I’m angry. A lot of us are angry.
Despite horrified protest from many corners, the Fast Track study is still going on.
I’m reminded of the victims of the Tuskegee Syphilis “Experiment.” Of the Minnesota Semi-Starvation Study that could never pass an ethics test now.
Perhaps this topic hits parents of those who have suffered from any eating disorder harder than other people. Or maybe, parent eating disorder advocates are able to speak out where others fear career repercussions. Certainly, the lack of loud, united, and effective protest against an admittedly extreme form of healthcare negligence in the Fast Track study is evidence of a tragic and unforgivable problem far beyond this study.
Why are we still having to talk about children put on diets at all?
Please, consider signing on to a large petition effort going on right now, and go support those in Australia and the US who are speaking out — at risk to their professional careers.
I am cheering on those who are getting on the bandwagon, although I’m irritated that the same alarm wasn’t ignored when F.E.A.S.T. and others spoke up about it months ago. We need to speak as one voice.
Parents are told by society, parenting experts, pediatricians, and our governments that it is our job to control and limit and fear our children’s eating. This horrid Fast Track study is only one of thousands of examples every day saying it is not only medically okay but good parenting to make all children be equally thin. Why do we only find this out when our loved one is diagnosed with an eating disorder and suddenly we should have known better?
If the eating disorders advocacy world does not stand up as a body and fight for us with medical authorities and policy-makers, how can parents know it is wrong and dangerous to put our children on diets?
Why should we only protest the extremes?
Please speak out on this “research.” But don’t stop there.
This is a very destructive practice and one that my daughter was exposed to throughout her childhood, adolescence and young adult years. But the very worst was when she was in Medical School and the Obesity Prevention course faculty put all the Med Students on diets – either low fat, or low carb and then had them track their weight loss. The class members became obsessive about their diets bragging about how much weight they lost. Unfortunately there were many in that class with history of eating disorders and many relapsed after this class and never recovered. There are many in medical professions with untreated eating disorders.

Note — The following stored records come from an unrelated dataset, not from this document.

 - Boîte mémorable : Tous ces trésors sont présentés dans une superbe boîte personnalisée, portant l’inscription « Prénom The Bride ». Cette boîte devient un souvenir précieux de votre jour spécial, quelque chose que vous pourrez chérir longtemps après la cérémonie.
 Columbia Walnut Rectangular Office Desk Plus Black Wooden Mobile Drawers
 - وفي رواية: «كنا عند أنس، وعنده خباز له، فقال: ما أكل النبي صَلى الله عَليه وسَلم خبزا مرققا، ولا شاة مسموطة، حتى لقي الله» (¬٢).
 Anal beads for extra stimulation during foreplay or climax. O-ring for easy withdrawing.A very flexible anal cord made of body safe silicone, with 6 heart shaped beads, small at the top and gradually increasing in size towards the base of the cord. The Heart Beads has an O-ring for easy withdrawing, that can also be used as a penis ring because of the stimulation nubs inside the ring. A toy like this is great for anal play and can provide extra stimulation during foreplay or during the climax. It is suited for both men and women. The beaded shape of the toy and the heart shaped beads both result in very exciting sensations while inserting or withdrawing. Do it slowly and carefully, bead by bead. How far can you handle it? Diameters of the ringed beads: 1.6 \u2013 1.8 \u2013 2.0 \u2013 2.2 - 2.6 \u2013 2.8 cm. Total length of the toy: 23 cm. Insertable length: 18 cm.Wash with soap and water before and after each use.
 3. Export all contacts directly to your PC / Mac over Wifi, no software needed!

I think if we don’t EDucate Medical Schools and Residency Directors about how they contribute to eating disorder thinking and behaviors due to the Obesity Epidemic we won’t make much headway. Is there a way to advocate with Med School Eating Disorder Directors so they can stop this practice? I do believe that educating the Medical Profession where they train Doctors is the place to start along with those in practice.

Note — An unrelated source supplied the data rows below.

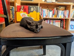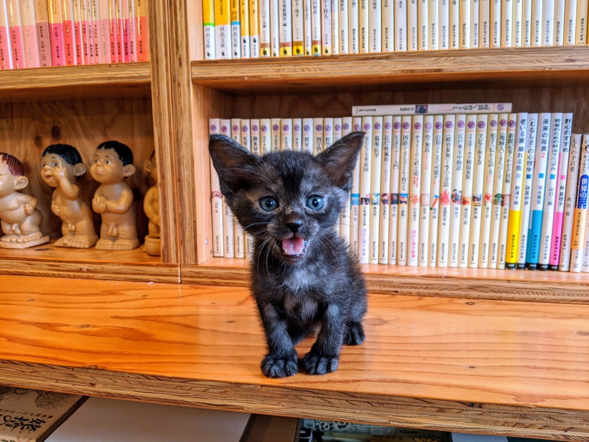 地元の酔っ払い3人衆からの連絡を受け仔猫を保護し、同居を始めて2週間が経過。保護時は生後約4週程度とのことで400グラムだった体重は週に100グラムずつ増え、現在は600グラム。この成長過程がどんなものなのかよく分からないが、とりあえず元気に店内を走り回り、お客さんに弄られ、店主に幾度となく躓かれながら大きくなっているので良しとしておく。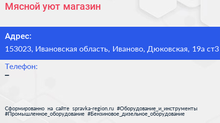 Мясной уют, магазин по адресу 153023, Ивановская область, Иваново, Дюковская, 19а ст3 в дальнейшем Организация, размещена в следующих категориях: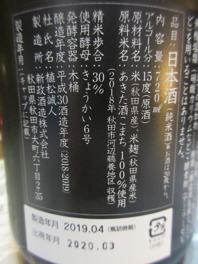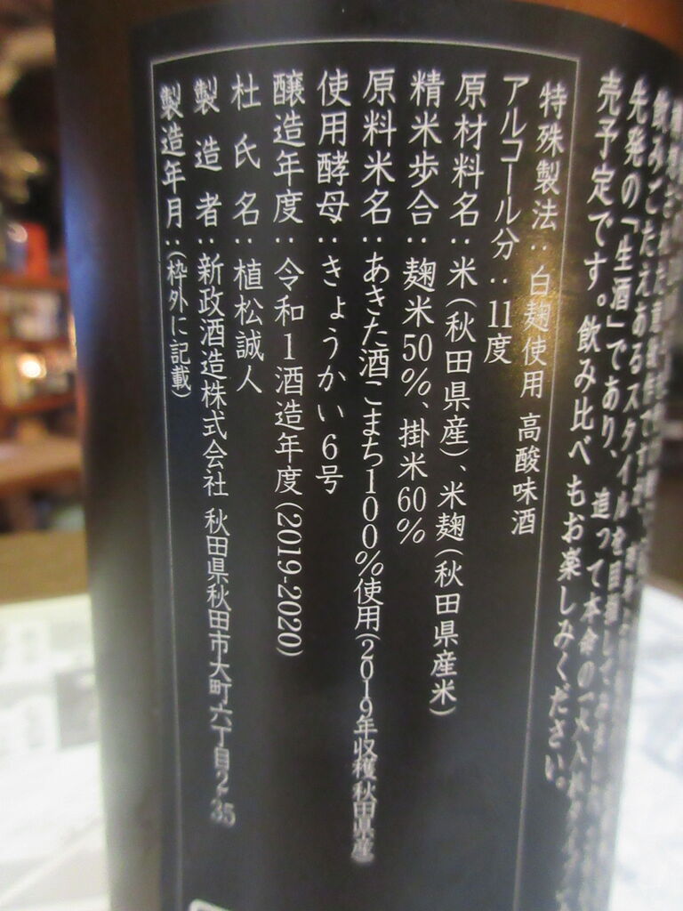★新政・ヴィリジアン2019 生酛木桶純米

We need healthy happy relationships with real foods. Deprivation will not help anyone, we need to re-evaluate our healthy eating ideas!!

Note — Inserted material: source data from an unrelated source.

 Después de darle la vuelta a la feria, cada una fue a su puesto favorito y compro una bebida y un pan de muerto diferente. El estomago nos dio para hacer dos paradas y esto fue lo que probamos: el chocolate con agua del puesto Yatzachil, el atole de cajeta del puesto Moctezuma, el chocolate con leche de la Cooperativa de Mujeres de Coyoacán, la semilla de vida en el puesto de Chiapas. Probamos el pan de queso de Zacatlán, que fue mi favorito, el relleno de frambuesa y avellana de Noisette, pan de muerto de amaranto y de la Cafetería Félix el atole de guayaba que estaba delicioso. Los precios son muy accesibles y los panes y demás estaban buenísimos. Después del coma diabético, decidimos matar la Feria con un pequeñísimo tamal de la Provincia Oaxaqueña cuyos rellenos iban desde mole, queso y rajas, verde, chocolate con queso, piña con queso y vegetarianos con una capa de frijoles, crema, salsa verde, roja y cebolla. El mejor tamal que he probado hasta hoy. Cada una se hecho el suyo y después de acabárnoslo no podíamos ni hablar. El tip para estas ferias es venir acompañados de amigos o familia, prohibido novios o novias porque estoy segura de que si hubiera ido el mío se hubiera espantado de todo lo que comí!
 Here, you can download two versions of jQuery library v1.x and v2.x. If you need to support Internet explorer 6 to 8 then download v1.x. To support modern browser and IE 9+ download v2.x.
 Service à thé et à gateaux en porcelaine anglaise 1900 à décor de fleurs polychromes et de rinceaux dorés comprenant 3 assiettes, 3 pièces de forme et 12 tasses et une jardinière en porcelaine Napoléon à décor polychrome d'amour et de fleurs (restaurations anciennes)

When my daughter was diagnosed with anorexia nervosa (AN) last year, I faced judgement, and furthermore, I’m still facing judgement by uninformed, unknowledgeable people that know hardly anything about eating disorders. Yet, I’m treated awful by individuals that really don’t even know my daughter and I. There is the “I should have known” treatment going on with me by others. So much knowledge and awareness is very much needed right now.